DaemonForums - View Single Post - HOWTO: Find Duplicated Files in Directory Tree

vermaden · #20 **(View Single Post)** 27th April 2010

Quote:

Originally Posted by IdOp

Perhaps I didn't explain it well. The problem I (think I) see is if a filename contains an md5sum -- note: the file's name, not the content of the file! So for example, if you had a file called XYZ_4a26b9aa1ba28b018d5b427a16c0e1f8_.html, where the name of that file contains the md5sum 4a26b9aa1ba28b018d5b427a16c0e1f8 for another file, then the grep would pick it up by mistake; unlikely, perhaps, but not what you want. Maybe you could put a ^ on the grep pattern, or use awk?

Now I understant, yes ^ should be there, todo++

Quote:

Originally Posted by IdOp

Oh, one other thought came to mind. For your temporary file, it might be a good idea to use mktemp(1).

Thanks, maybe I would also add that 'feature'

Quote:

Originally Posted by TerryP

When the data set is as large as what Vermaden as hinted at, the speed up would definitely be worth while. Since it's a reasonable postulate that two files will have differing checksums if they have different file sizes, the potentional speed up is tremendous over a large data set. Any record file name without another file of equal size, could be ruled out as a duplicate; then every file with other files having the same size, can be checksummed for final decision ((sum=sum)=duplicate).

Maybe I will use the idea, since it will really speed things up

Quote:

[*]Second is an obvious race condition that can cause files not to be deleted. I.e. if all files of size X have been enqueued for checksuming, and something/someone creates another file of size X at the right point in time, it can be done in such a way that it won't be checksumed along with its older peers.

Its for offline backup, so its static, no changes here, but that is only for my case.
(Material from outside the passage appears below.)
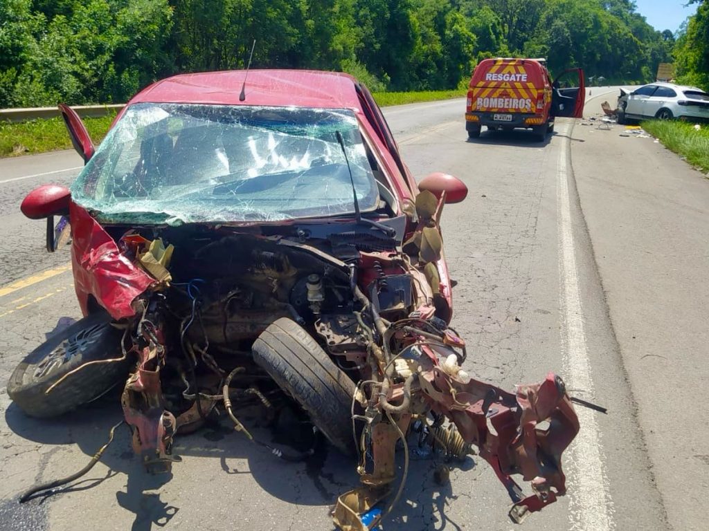 Colisão fronto-lateral na SC-135, próximo a Vinícola Casal Piccoli, envolvendo um Volkswagen Gol, vermelho, placa Mercosul, e uma Nissan Frontier, cinza, placa Mercosul. O Gol era conduzido por um homem de 21 anos que apresentava suspeita de fratura no pé esquerdo e escoriações na coxa esquerda e na região posterior do tórax. O veículo Frontier era conduzido por uma mulher de 35 anos, tendo como carona uma menina de 5 anos. O condutor do gol foi conduzido ao Hospital Salvatoriano Divino Salvador pelo ASU-437. Após o atendimento o local ficou aos cuidados da Polícia Militar, de Videira-SC, que realizou a sinalização e a segurança da cena durante toda a ocorrência.

In production environment we can temporary provide READ-ONLY support for the directory tree that we will be checking.

[QUOTE=IdOp;31559]heheh, thanks, glad you enjoyed it TerryP.

Quote:

Originally Posted by Carpetsmoker

... Or you can just use Python/Ruby/Perl/etc ...
Makes things a whole lot easier IMHO. Basic shell scripting is simply too limited for any serious programming, and simple tasks are often easier/faster.

I need to learn python some nice day, but currently Oracle 11g database is on todo list (since I participate in Workshop I and II trainings from my job)

Quote:

Originally Posted by Carpetsmoker

If you compare Vermaden's script with mine for example you'll see that mine is actually fewer lines while it does the same, is more readable, more portable, and easier to modify should you want to.

... but mine provides 3 methods to compare files, if you strip comparing by name and size and remove comments from both, it will end up even little smaller/shorter.

I also do not intend to write scripts that will work on any other OS kind then UNIX, but this one would also work on Windows, I will only have to install CYGWIN on it (since it does not matter to me if its python.exe or cygwin.exe that I must install anyway), but that is propably a matter or preference.